This section describes how to define the functionality of the HDL Interface Node using HDL code you enter directly into the HDL Interface Node. Enter the HDL code directly into the HDL Interface Node on the Code tab of the Configure HDL Interface Node dialog box. You can verify the syntax of the HDL code you enter by clicking the Check Syntax button.

Meeting the Requirements of Using the HDL Interface Node with the LabVIEW FPGA Module

LabVIEW and the LabVIEW FPGA Module follow a data flow model for running VIs. A block diagram node only executes when all its inputs are available. When a node completes execution, it supplies data to its output terminals and passes the output data to the next node in the data flow path. The HDL Interface Node uses an enable chain to follow the LabVIEW data flow model. The enable chain is the collection of signals and an associated protocol for controlling data flow of inputs and outputs of the HDL components. The HDL Interface Node includes the following execution control and enable chain signals as default ports, listed on the Code tab.

Execution Control Inputs

  • clk—The clock signal supplied to the FPGA. For the LabVIEW FPGA Module, the clock signal is 40 MHz by default.

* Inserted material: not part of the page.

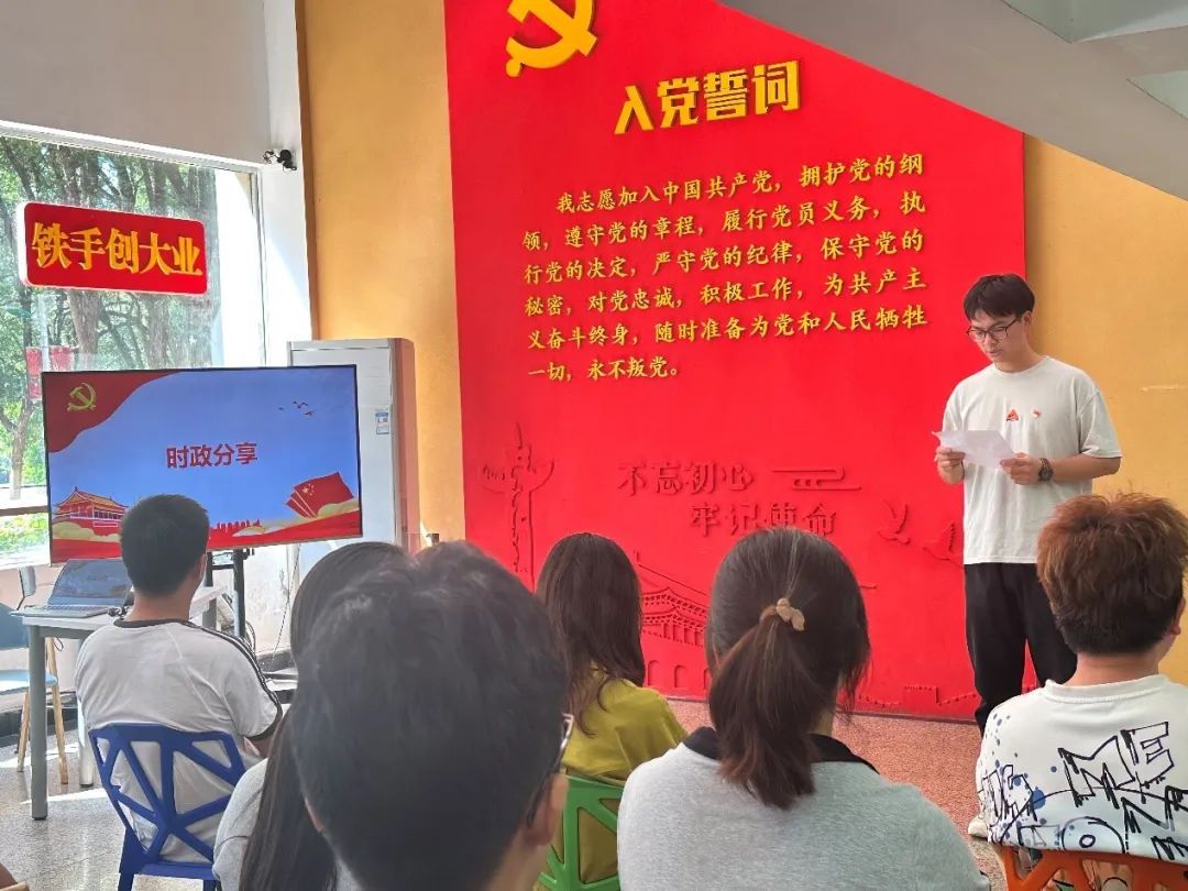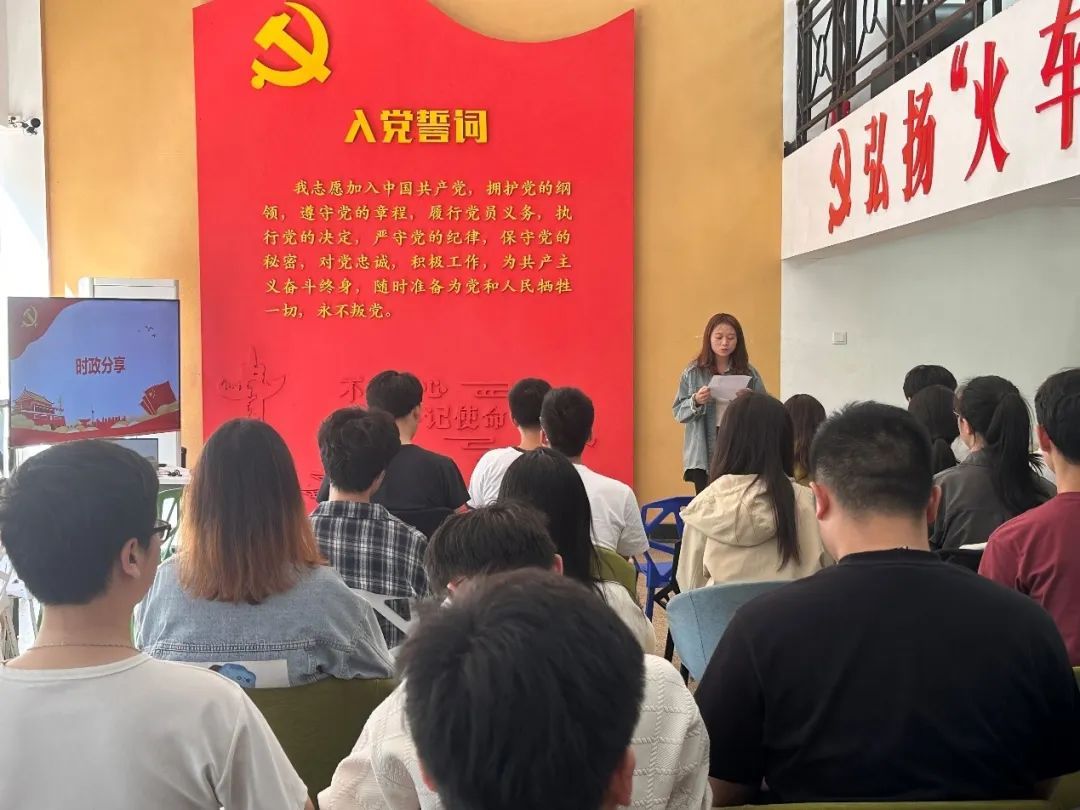 市政环境研究生党支部党员在支部副书记刘曦同志的带领下重温入党誓词。短短十二句入党誓词,字字千钧,让全体党员同志再一次重温了入党时的庄严承诺和坚定决心,进一步坚定了理想信念和职责使命。

You can use the clk input to clock the HDL code.
  • reset—The signal asserted by LabVIEW at the beginning of execution, before the top-level VI runs or when you load the top-level VI from flash memory and run it. You can use the reset signal to initialize flip-flops in the HDL code that you want initialized when the VI runs. LabVIEW asserts the reset signal for at least one clock cycle.

Enable Chain Inputs

  • enable_in—The signal LabVIEW asserts when all inputs wired to the HDL Interface Node are valid. LabVIEW asserts enable_in when all the nodes before the HDL Interface Node in the data flow finish executing. You can monitor enable_in to know when the HDL code can start executing.
  • enable_clr—The signal the VI or loop asserts to indicate to the subVIs or nodes, including HDL Interface Nodes, in the VI or loop that they must deassert enable_out on the next rising edge of clk. In loops other than the single-cycle Timed Loop, enable_clr asserts after each loop iteration is complete and before the next iteration begins. If you use a single-cycle Timed Loop, the VI or loop does not assert enable_clr.

Enable Chain Output

  • enable_out—Assert this signal in the HDL code when you want to indicate to the block diagram that the HDL code is complete and to signal to subsequent functions in the data flow to execute.

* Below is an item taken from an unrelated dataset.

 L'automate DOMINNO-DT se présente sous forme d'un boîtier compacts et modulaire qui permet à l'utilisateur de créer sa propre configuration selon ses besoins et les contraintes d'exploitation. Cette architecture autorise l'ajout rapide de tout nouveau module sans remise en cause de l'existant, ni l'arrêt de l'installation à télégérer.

The HDL code you include in the FPGA VI must fit into LabVIEW data flow execution semantics by properly controlling the enable chain. If you do not properly control the enable chain, the HDL Interface Node might disrupt the execution of the other nodes on the block diagram.

Controlling Execution of the HDL Interface Node

You must control the execution of the HDL Interface Node differently depending on whether you place the node inside or outside a single-cycle Timed Loop on the block diagram. The single-cycle Timed Loop repeats the subdiagram inside it every clock cycle of the default FPGA clock until the conditional terminal, an input terminal, receives a particular Boolean value. LabVIEW can execute the subdiagram every clock cycle of the default FPGA clock because it removes the overhead of the enable chain for the LabVIEW functions.

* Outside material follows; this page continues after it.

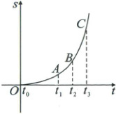 7. $\overline{v}_3>\overline{v}_2>\overline{v}_1$ 【解析】如图,连接OA,AB,BC.根据题意,汽车在时间段$[t_0,t_1],[t_1,t_2],[t_2,t_3]$上的平均速度分别为$\overline{v}_1,\overline{v}_2,\overline{v}_3$,它们分别为直线OA,AB,BC的斜率.由图得$k_{BC}>k_{AB}>k_{OA}$,故$\overline{v}_3>\overline{v}_2>\overline{v}_1$.

Using the HDL Interface Node outside a Single-Cycle Timed Loop

If you do not use the HDL Interface Node in a single-cycle Timed Loop, select Single-Cycle Timed Loop Not Allowed on the Execution Control tab. LabVIEW asserts enable_in to signal that the inputs are valid and the HDL code can begin executing. Be sure to assert enable_out in the HDL code when the code has valid outputs and LabVIEW has asserted enable_in. Do not change the values of the outputs or enable_out until enable_clr asserts. After enable_clr asserts, you must deassert enable_out on the next rising edge of clk.

The following sequence occurs if you run an FPGA VI with a While Loop and an HDL Interface Node inside the While Loop on an FPGA target. The HDL code properly controls the enable chain.

  1. LabVIEW asserts reset to initialize the HDL code.
  2. The While Loop asserts enable_in to the HDL Interface Node, indicating the HDL code can begin executing.
  3. The HDL code receives enable_in, executes, makes sure outputs are valid and held constant, and asserts enable_out.
  4. The While Loop receives enable_out. When all the nodes in the While Loop complete, the While Loop checks the conditional terminal. If the While Loop runs again, the loop asserts enable_clr to all the nodes in the loop.
  5. The HDL code no longer needs to hold the outputs valid, so it deasserts enable_out one clock cycle later.
  6. The While Loop reasserts enable_in, and steps 3, 4, and 5 repeat.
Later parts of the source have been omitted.